MS Emergency Drinking Water Network Act; create.
GA tenants gain a right-to-repair: hire licensed pros if landlords miss repairs within 14 days, offset rent up to 50%, and possibly terminate the lease after 60 days.
GA tenants gain a right-to-repair: hire licensed pros if landlords miss repairs within 14 days, offset rent up to 50%, and possibly terminate the lease after 60 days.
Note up front: the material provided appears to combine text from several different bills and jurisdictions under the label “HB 876.” The bill title you supplied (“MS Emergency Drinking Water Network Act; create”) does not appear in the body text. The body includes three distinct legislative drafts: (A) a Georgia landlord–tenant “right to repair” measure, (B) a Hawaii amendment expanding a healthcare preceptor tax credit, and (C) a minor Illinois technical amendment to the State Comptroller Act. Below I summarize each separately, and then note the procedural/metadata issues.
Purpose
- Strengthen tenants’ repair remedies by allowing tenants to hire licensed professionals to fix “material defects” that landlords fail to repair, permit rent offsets for reasonable repair costs, and permit lease termination in certain circumstances.
Key provisions
- Defines “material defect” (code, plumbing, HVAC, electrical, supplied fixtures/appliances).
- 14‑day repair rule: If landlord does not repair a material defect within 14 days of written notice, tenant may engage a preapproved licensed professional (named in the lease or previously identified by landlord) or any licensed professional if none preapproved.
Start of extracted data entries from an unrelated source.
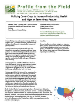 Feiring applied for an NCR-SARE Farmer Rancher grant and received $6,905 to seed 40 acres of a multi species cover crop into the declining bromegrass stand. During the winter of 2012, he grazed the area. Soil biology and infiltration tests were taken.
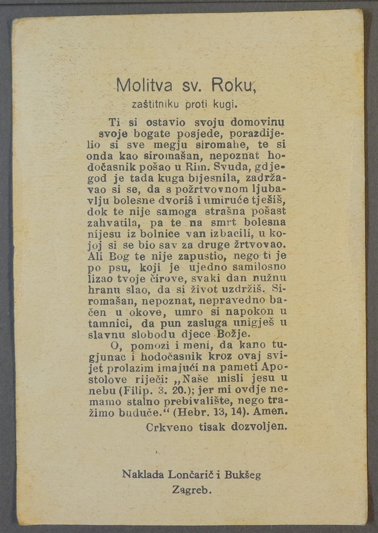Sveta sličica; Sveti Roko moli za nas
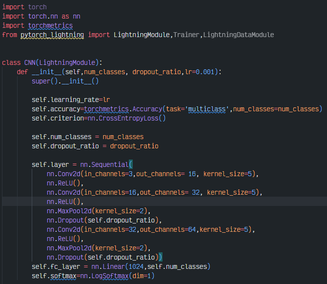 `__init__`에서 다른점은 우선 상속받는 모듈이 PyTorch에서는 `nn.Module`이고, Lightning에서는 `LightningModule`이라는 점과, Pytorch에서는 optimizer이나 evaluate 등을 따로 구현하기 때문에 init에 포함하지 않지만 Lightning의 경우에는 learning rate, accuracy, loss를 따로 정의해준 것을 볼 수 있다.
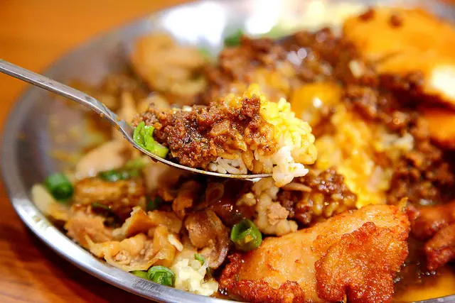 伴著底下熱呼呼的白飯,咖哩香混著肉燥香,光用聞的口水就流滿桌了啦

- Rent offset: Tenant may reduce the next rental installment by repair cost (must provide receipts); reductions capped at 50% of any rental installment. If repair cost exceeds 50% of one installment, tenant may reduce subsequent installments (still no more than 50% each) until costs recovered.
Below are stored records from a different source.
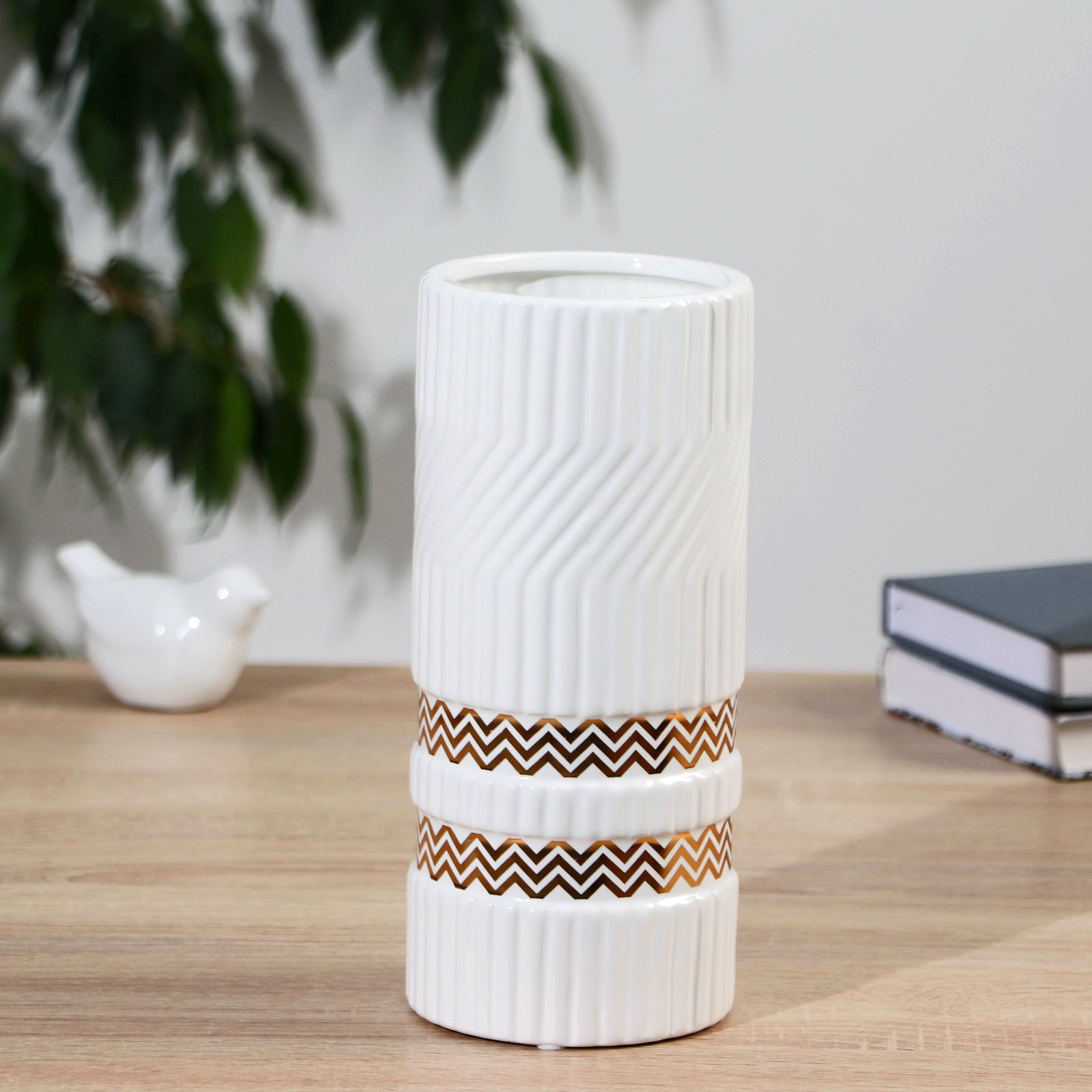 Размер упаковки: 11 x 23 x 11 см. Тематика праздника: 8 Марта tnved: 6913910000 Текстура: С рельефом Запрет реализации по сегментам: 00000000272 Вид вазы: Настольная Цвет: Белый Высота, см: 22.5 Белая классика для вашего интерьера. Керамическая ваза "Адель" это настольная ваза для цветов, которая сочетает в себе современный лаконичный дизайн и традиционное качество ручной работы. Её рельефная поверхность и чистая белая глазурь создают игру света и тени, добавляя пространству объема и изящества.
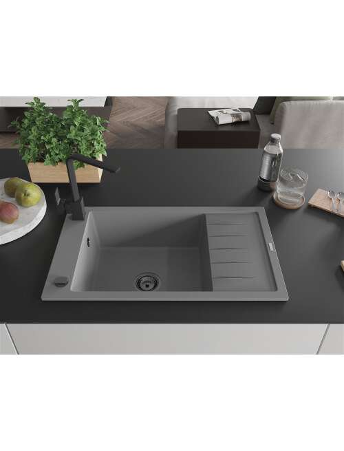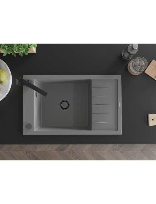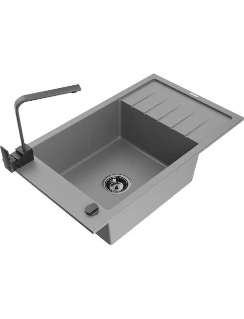 Mexen Elias zlewozmywak granitowy 1-komorowy z ociekaczem i baterią kuchenną Rita, szary - 6511-71-670300-70-B
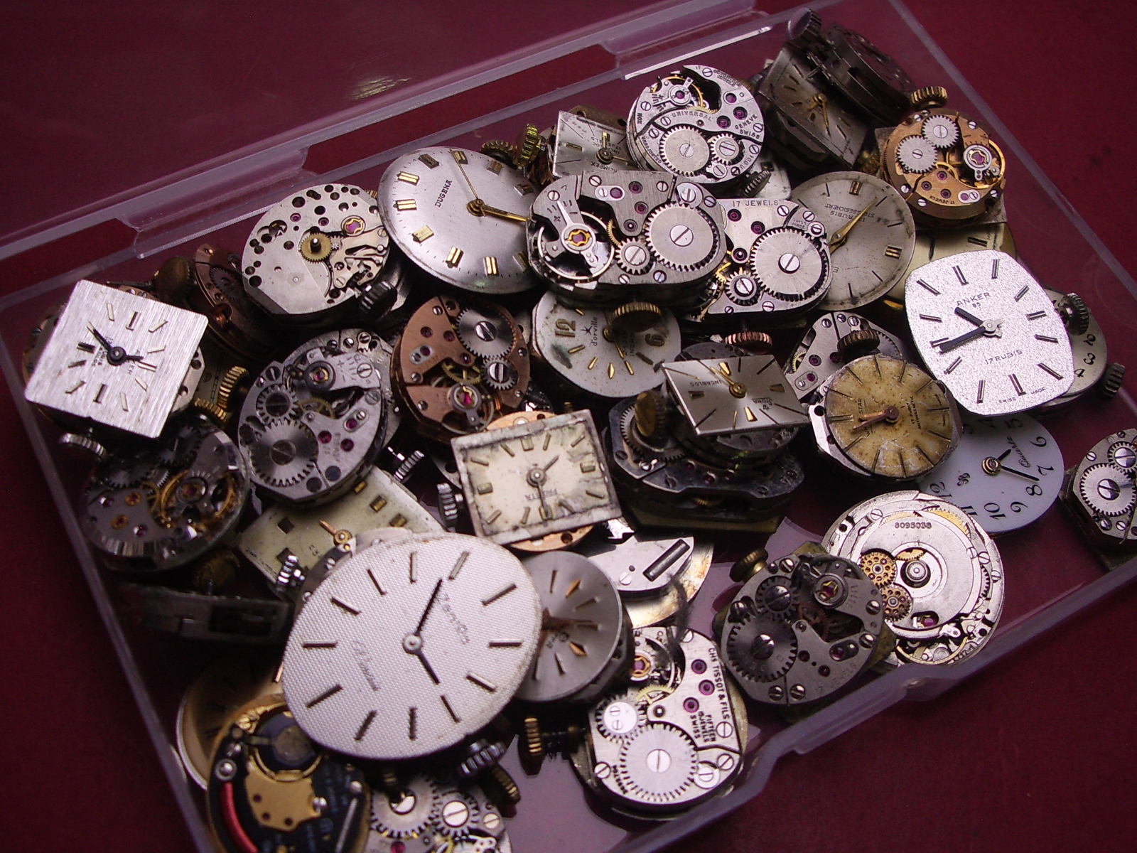 Konvolut mit 50 Damenuhrwerken ausgeschlachteter Golduhren, als Ersatz oder Ersatzteilträger geeignet
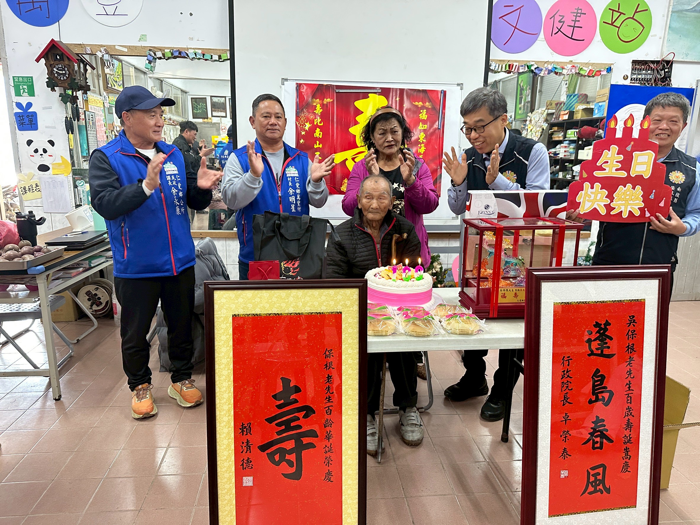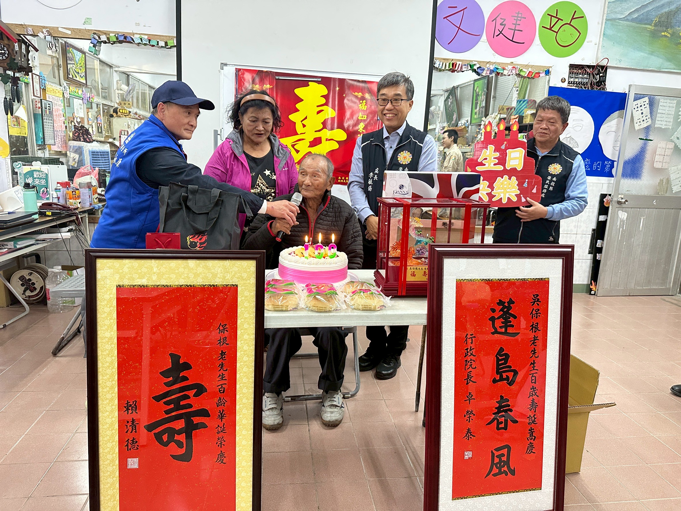 農曆新年前夕,喜迎仁愛鄉榮民人瑞吳保根伯伯百歲壽辰,南投縣榮民服務處李毓錫處長帶領同仁前往萬豐村文健站辦理百歲慶生活動,並邀請仁愛鄉公所、萬豐村長、萬豐社區發展協會、榮欣志工及文健站的長輩們一同參與,恭賀伯伯百歲嵩壽!
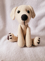 * Scraps of desired color yarn (for the collar, nose and paw pads optional)
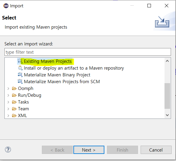이미 이클립스에 "기존에 만들어놓은 메이븐 프로젝트" 폴더를 import 할때 떳던 창에 힌트가 나와있었다. "Existing Maven Projects" 이미 존재하는 메이븐 프로젝트를 이클립스에서 "작업"만 한다는 뜻을 내포한다.
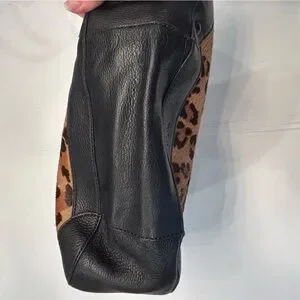 Stylish hobo bag with leopard print and black leather accents. Perfect for everyday use.
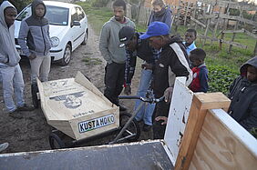 It started four days earlier with the task of designing and building a new push cart for a waste picker from Walmer Township. His name is Khululekile Moko, known as Khusta or Wilson. After he lost his job he started collecting recyclable trash to make a living for himself and his wife.

- Termination: If landlord fails to repair within 60 days of written notice, tenant may terminate the lease after providing 30 days’ further written notice — but only if the tenant has not already started the repair under the 14‑day remedy.
- Shared facilities: Tenants must notify co‑tenants and arrange repair to minimize inconvenience.
- Anti‑retaliation: Landlord may not terminate, refuse renewal, or take adverse action because a tenant exercised these rights. Aggrieved tenants can sue and seek remedies as in Code §8‑3‑217.
- Applicability: Applies to residential rental/lease agreements entered into on or after July 1, 2025, and renewals/modifications/extensions entered on/after that date.
Who is affected
- Residential tenants and landlords in Georgia (new/renewed leases from July 1, 2025).
- Licensed contractors/preapproved professionals who perform repairs.
Potential impacts
- Increases tenant protections and leverage to secure timely repairs.
- Adds compliance and potential liability/risk of rent offsets for landlords.
- Could lead to greater tenant‑landlord litigation over “reasonable cost,” proof, and timing.
Purpose
- Broaden the existing preceptor tax credit to include more health professions and allied behavioral health professions, to increase available preceptors and clinical training slots in the state.
Key provisions
- Expands definitions in Section 235‑110.25(g) to include additional “eligible professional degrees” and “eligible students”: psychology, physician assistants, marriage and family therapists, mental health counselors, clinical social workers, rehabilitation counselors, and school counselors (in addition to physicians, APNs, pharmacists, etc.).
- Expands the list of qualifying “preceptors” to include the above professions and clarifies residency/practice requirements in Hawaii and that specialties must support development of eligible students in primary care.
- Clarifies which accrediting bodies count as “nationally accredited” for various professions (some accreditation references truncated in the supplied text).
Who is affected
- Health‑professions students, preceptors, and educational programs in Hawaii.
- State fiscal exposure depending on tax credit utilization.
Potential impacts
- May increase volunteer preceptor participation and clinical training capacity.
- Could modestly reduce state tax revenue (depending on program uptake) but aim is workforce development.
Purpose
- Correct a typographical/technical issue in the short‑title section of the State Comptroller Act (removes duplicated word “and and”).
Key provisions
- Amends Section 1 to set the short title to “State Comptroller Act.” No substantive policy change.
Who is affected
- No substantive effect on policy — purely technical.
If you want, I can:
- Produce a focused summary for only the Georgia right‑to‑repair draft or only the Hawaii preceptor amendment; or
- Track down the correct HB 876 for the Mississippi Emergency Drinking Water Network Act (if that’s the target) and summarize it. Which would you prefer?
Compiled from official sources — confirm details with the bill’s official record.